Thanks for the question (and for helping me answer another question).

First, regarding temporal order output, we have a new work that uses audio self-supervised pretraining to replace ImageNet pretraining, which supports temporal order output (in other words, it is ideal for frame-level audio representation extraction). We hope that can be released soon, I will keep you posted.

For your questions:

I noticed in your paper that you tried the 128 x 2 input patches in your ablation studies - do you have the weights saved and would you be willing to share them? Maybe despite worse results they could be useful in my case.

Yes, but that is only trained on the balanced (small) AudioSet and performs much worse than the square-patch-based AST. With the limited time I have, I plan to release the self-supervised AST mentioned above rather than this checkpoint (also this checkpoint is trained with an old version of code and cannot be directly used).

You mentioned that the 128 x 2 trained better on purely on AudioSet. Have you considered also pretraining on ImageNet using those parameters? Was the reason behind not checking this computational complexity or something else (e.g. you believe that it wouldn't train well on ordinary image data)?

The main reason is ImageNet pretraining is quite expensive and complex.

Do you see a way to use the majority of the network as it currently is (with 16 x 16 input patches) and adding some layer (e.g. conv1D) at the top to make it combine outputs corresponding to specific time frames? How would you approach this?

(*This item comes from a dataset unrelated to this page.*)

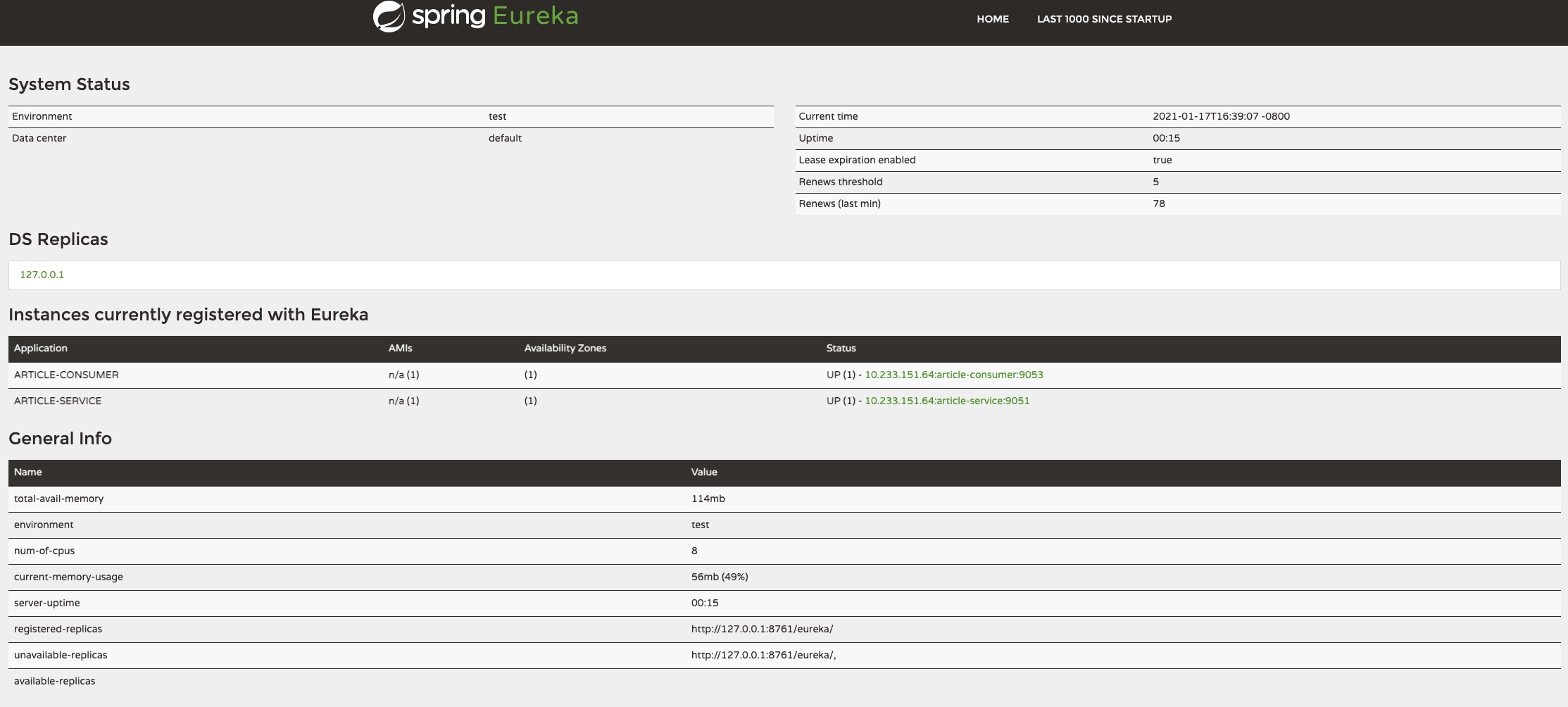 신청등록 정보## Server Relatedserver.port=9051## Eureka Relatedeureka.client.serviceUrl.defaultZone=http://127.0.0.1:8761/eureka/eureka.client.register-with-eureka=trueeureka.client.fetch-registry=falseeureka.vipAddress=article-service

I think it is possible, you can just re-organize the output, for example, average the patches belonging to the same time frames.

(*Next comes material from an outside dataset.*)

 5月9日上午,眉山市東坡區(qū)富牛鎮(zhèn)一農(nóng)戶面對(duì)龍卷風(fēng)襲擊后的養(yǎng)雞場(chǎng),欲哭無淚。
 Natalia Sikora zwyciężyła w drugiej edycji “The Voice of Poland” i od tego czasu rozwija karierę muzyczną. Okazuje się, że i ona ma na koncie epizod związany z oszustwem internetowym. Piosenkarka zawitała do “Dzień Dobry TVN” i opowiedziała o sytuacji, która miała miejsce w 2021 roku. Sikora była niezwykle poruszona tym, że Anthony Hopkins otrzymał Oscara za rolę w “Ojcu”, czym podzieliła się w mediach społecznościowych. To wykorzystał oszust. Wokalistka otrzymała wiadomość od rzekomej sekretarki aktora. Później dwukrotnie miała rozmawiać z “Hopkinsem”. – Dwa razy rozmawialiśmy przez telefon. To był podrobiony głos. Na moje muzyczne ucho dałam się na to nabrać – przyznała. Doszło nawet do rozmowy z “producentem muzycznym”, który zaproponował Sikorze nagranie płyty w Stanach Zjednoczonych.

But the time resolution would be low, e.g., if the original model uses 16x16 patches with an overlap of 6 on the time dimension, then the time resolution will be 100ms after re-organizing the output (the hop of frames is 10ms, 10x10ms=100ms). Again, we believe the self-supervised AST is a better choice as it supports arbitrary patch size and shape, the time resolution can be 10ms for a 1x128 patch.

-Yuan

MikeKras commented 2 years ago

Hi Yuan!

First, regarding temporal order output, we have a new work that uses audio self-supervised pretraining to replace ImageNet pretraining, which supports temporal order output (in other words, it is ideal for frame-level audio representation extraction). We hope that can be released soon, I will keep you posted.

Sounds awesome! I'm definitely looking forward to it, it should be very useful. Btw. if there is something there that I could assist with, I'd be happy to.

I think it is possible, you can just re-organize the output, for example, average the patches belonging to the same time frames. But the time resolution would be low, e.g., if the original model uses 16x16 patches with an overlap of 6 on the time dimension, then the time resolution will be 100ms after re-organizing the output (the hop of frames is 10ms, 10x10ms=100ms). Again, we believe the self-supervised AST is a better choice as it supports arbitrary patch size and shape, the time resolution can be 10ms for a 1x128 patch.

You're right, though I expect such resolution to be sufficient for my current needs. I will consider postponing the implementation of this approach for now and maybe by the time I return to it, the SSAST will be out.

Thanks for the answers! Michał